— WHAT TO DO —
The material below includes pictures; leave them out and return only the lines between the line containing "1982年創業と40年近い歴" and the line containing "Un reloj que", inclusive, word for word.

— DATA TO EXAMINE —
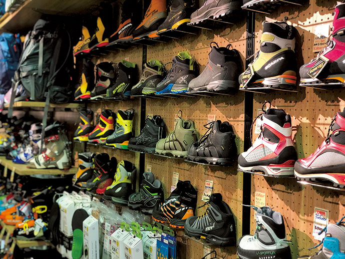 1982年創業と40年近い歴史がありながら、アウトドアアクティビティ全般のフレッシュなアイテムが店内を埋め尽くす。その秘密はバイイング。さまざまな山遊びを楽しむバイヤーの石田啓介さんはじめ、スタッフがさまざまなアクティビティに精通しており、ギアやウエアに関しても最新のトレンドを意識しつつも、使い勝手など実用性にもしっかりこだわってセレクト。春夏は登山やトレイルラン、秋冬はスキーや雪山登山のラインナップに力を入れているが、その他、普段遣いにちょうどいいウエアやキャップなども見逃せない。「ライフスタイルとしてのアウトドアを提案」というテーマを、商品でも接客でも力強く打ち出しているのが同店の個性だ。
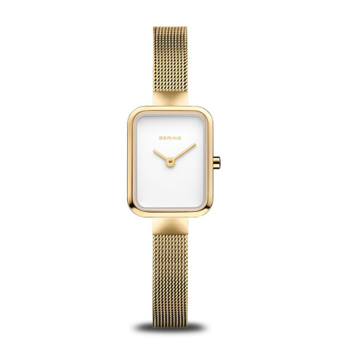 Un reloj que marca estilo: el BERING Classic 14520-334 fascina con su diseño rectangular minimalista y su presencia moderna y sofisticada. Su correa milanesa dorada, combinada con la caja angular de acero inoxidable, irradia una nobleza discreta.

...

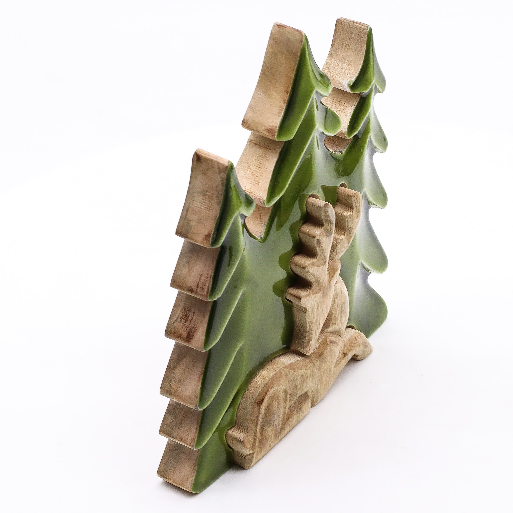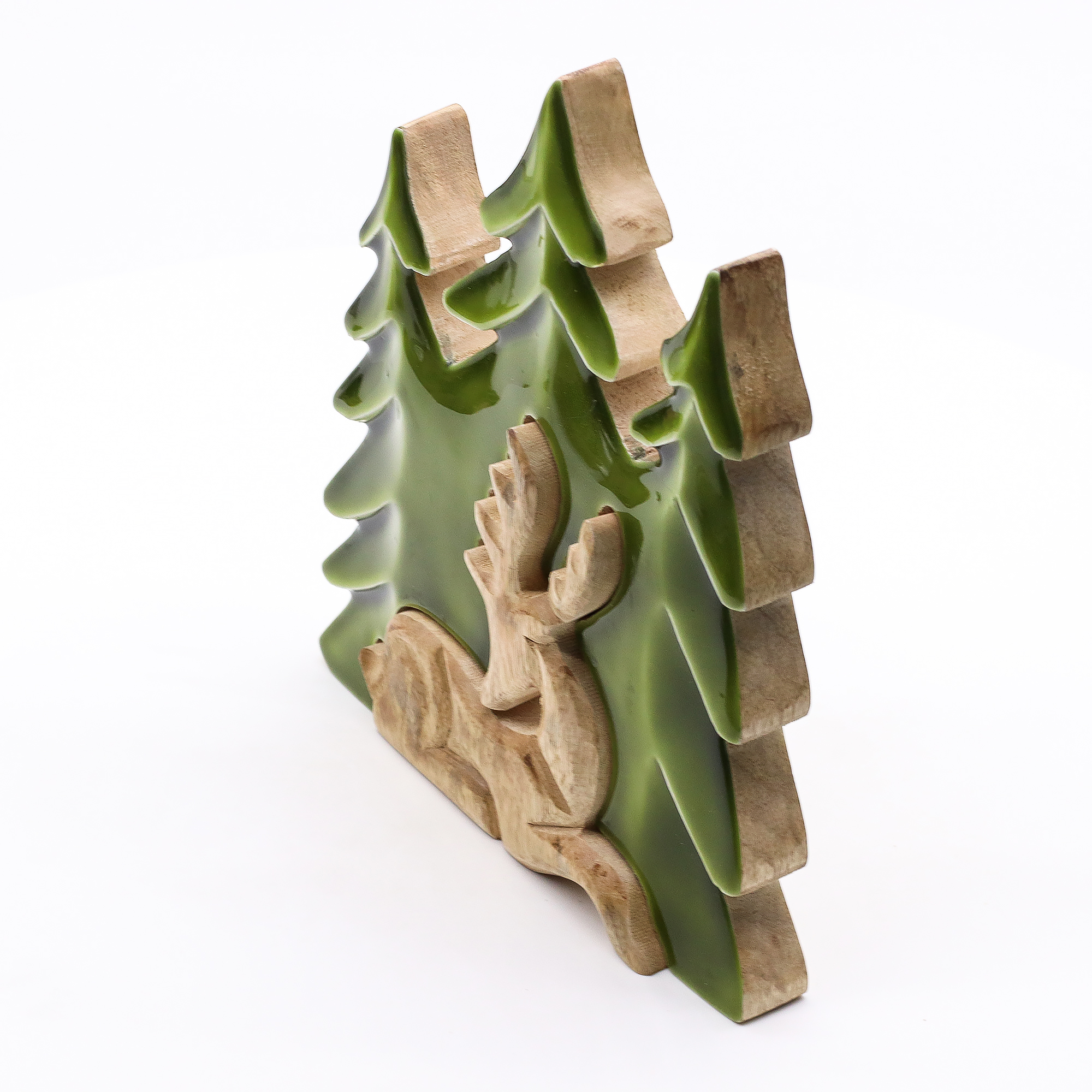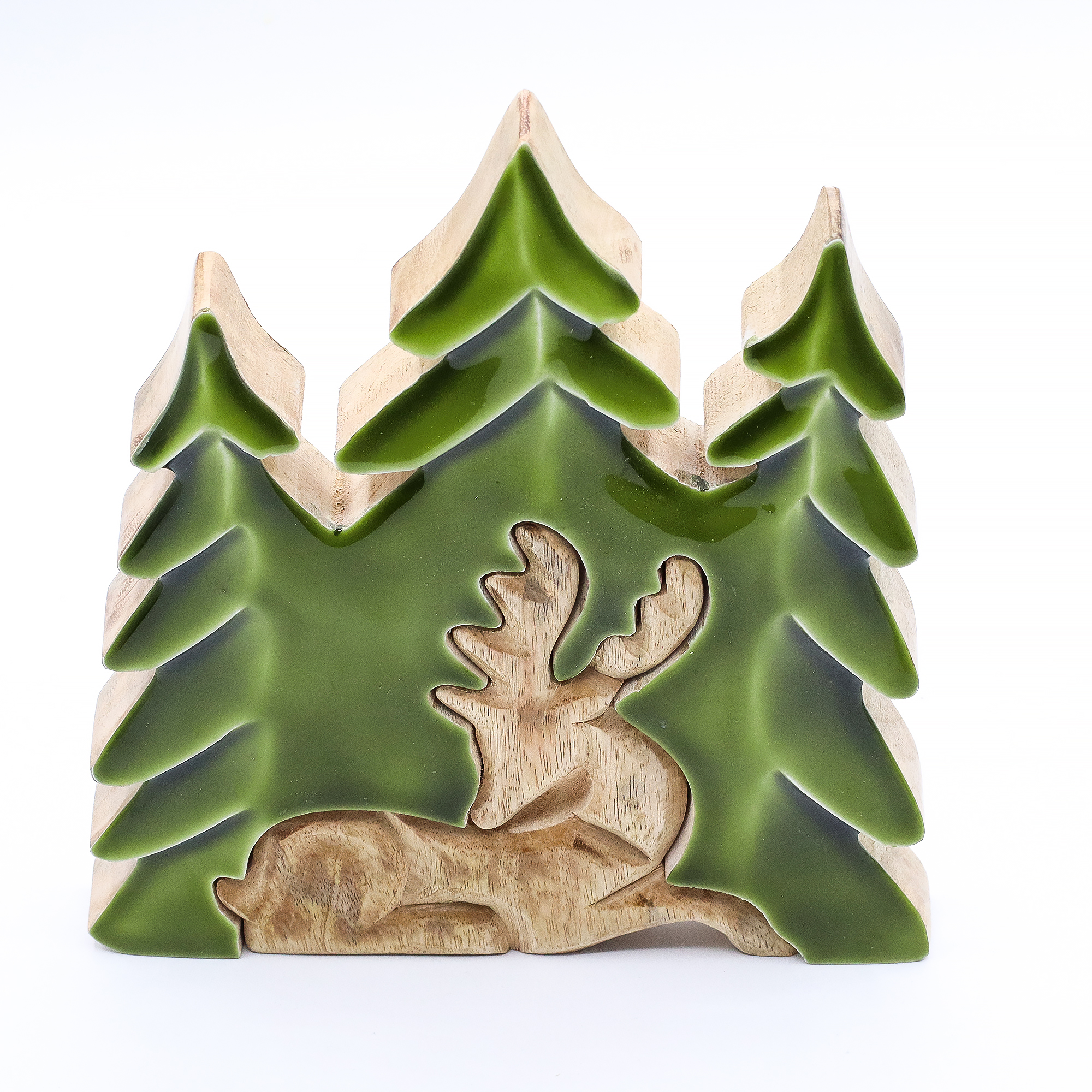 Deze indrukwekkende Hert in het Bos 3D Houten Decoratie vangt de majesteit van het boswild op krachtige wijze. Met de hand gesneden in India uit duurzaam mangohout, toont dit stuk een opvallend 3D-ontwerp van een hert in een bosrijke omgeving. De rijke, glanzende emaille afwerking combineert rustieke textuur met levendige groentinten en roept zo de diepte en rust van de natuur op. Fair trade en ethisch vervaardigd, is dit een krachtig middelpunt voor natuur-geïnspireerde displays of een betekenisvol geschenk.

— THE ANSWER —
 1982年創業と40年近い歴史がありながら、アウトドアアクティビティ全般のフレッシュなアイテムが店内を埋め尽くす。その秘密はバイイング。さまざまな山遊びを楽しむバイヤーの石田啓介さんはじめ、スタッフがさまざまなアクティビティに精通しており、ギアやウエアに関しても最新のトレンドを意識しつつも、使い勝手など実用性にもしっかりこだわってセレクト。春夏は登山やトレイルラン、秋冬はスキーや雪山登山のラインナップに力を入れているが、その他、普段遣いにちょうどいいウエアやキャップなども見逃せない。「ライフスタイルとしてのアウトドアを提案」というテーマを、商品でも接客でも力強く打ち出しているのが同店の個性だ。
 Un reloj que marca estilo: el BERING Classic 14520-334 fascina con su diseño rectangular minimalista y su presencia moderna y sofisticada. Su correa milanesa dorada, combinada con la caja angular de acero inoxidable, irradia una nobleza discreta.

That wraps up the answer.